This document is relevant for: Inf2, Trn1, Trn2

nki.isa.tensor_copy_dynamic_dst#

nki.isa.tensor_copy_dynamic_dst(*, dst, src, mask=None, dtype=None, **kwargs)[source]#

Create a copy of src tile within NeuronCore on-chip SRAMs using Vector Engine, with dst located at a dynamic offset within each partition.

Both source and destination tiles can be in either SBUF or PSUM.

The source and destination tiles must also have the same number of partitions and the same number of elements per partition.

The dynamic offset must be a scalar value resided in SBUF. If you have a list of dynamic offsets for scattering tiles in SBUF/PSUM, you may loop over each offset and call tensor_copy_dynamic_dst once per offset.

Estimated instruction cost:

max(MIN_II_DYNAMIC, N) engine cycles, where:

  • N is the number of elements per partition in the src tile,

  • MIN_II_DYNAMIC is the minimum instruction initiation interval for instructions with dynamic destination location. MIN_II_DYNAMIC is roughly 600 engine cycles.

Parameters:
  • dst – the destination of copy, must be a tile in SBUF of PSUM that is dynamically indexed within each dimension.

  • src – the source of copy, must be a tile in SBUF or PSUM.
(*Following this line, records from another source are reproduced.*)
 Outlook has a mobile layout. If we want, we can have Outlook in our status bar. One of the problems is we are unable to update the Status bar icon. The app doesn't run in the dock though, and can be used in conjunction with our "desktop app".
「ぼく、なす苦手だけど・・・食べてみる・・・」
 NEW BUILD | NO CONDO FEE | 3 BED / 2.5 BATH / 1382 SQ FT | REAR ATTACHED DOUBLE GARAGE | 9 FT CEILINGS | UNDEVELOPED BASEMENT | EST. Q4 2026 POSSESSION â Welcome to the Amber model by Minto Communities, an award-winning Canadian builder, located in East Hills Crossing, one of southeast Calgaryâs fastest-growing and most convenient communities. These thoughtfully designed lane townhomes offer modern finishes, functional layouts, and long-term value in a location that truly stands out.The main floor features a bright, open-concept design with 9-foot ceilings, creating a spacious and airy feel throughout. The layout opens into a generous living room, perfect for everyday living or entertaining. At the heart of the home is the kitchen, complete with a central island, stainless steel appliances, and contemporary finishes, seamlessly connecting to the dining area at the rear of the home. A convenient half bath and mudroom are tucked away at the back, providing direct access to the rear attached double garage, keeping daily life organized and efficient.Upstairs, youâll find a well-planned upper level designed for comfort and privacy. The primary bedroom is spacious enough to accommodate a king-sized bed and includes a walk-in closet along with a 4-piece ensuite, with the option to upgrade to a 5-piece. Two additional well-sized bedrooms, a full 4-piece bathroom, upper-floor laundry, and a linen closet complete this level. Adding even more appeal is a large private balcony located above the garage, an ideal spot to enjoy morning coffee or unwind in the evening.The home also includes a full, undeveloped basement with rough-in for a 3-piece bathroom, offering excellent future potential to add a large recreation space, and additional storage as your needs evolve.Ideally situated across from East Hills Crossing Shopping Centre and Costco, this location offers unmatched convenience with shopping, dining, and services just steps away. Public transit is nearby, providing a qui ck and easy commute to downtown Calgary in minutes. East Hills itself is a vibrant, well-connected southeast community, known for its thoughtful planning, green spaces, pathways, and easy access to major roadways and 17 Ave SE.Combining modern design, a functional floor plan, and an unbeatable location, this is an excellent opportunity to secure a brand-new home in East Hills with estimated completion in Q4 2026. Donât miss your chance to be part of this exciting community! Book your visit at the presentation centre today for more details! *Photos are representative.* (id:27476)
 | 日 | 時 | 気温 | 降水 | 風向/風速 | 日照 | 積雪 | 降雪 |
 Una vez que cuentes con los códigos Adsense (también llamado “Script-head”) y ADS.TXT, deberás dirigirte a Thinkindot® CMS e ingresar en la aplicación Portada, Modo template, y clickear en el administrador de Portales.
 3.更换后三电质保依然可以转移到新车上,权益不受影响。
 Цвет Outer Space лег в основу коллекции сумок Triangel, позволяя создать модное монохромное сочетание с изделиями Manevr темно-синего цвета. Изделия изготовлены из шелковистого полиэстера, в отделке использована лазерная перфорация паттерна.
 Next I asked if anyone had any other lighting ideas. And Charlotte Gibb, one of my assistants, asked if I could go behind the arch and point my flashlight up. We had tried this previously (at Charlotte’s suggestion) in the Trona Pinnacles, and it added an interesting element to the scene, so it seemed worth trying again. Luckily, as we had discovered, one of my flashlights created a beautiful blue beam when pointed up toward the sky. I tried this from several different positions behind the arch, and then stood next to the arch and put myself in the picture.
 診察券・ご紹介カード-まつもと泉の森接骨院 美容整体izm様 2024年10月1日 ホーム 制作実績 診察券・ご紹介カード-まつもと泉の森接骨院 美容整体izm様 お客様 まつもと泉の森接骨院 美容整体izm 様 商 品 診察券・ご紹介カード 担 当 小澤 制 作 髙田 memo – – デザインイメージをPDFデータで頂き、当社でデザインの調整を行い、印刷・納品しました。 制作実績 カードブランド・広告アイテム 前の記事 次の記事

  • mask – (optional) a compile-time constant predicate that controls whether/how this instruction is executed (see NKI API Masking for details)

  • dtype – (optional) data type to cast the output type to (see Supported Data Types for more information); if not specified, it will default to be the same as the data type of the input tile.

This document is relevant for: Inf2, Trn1, Trn2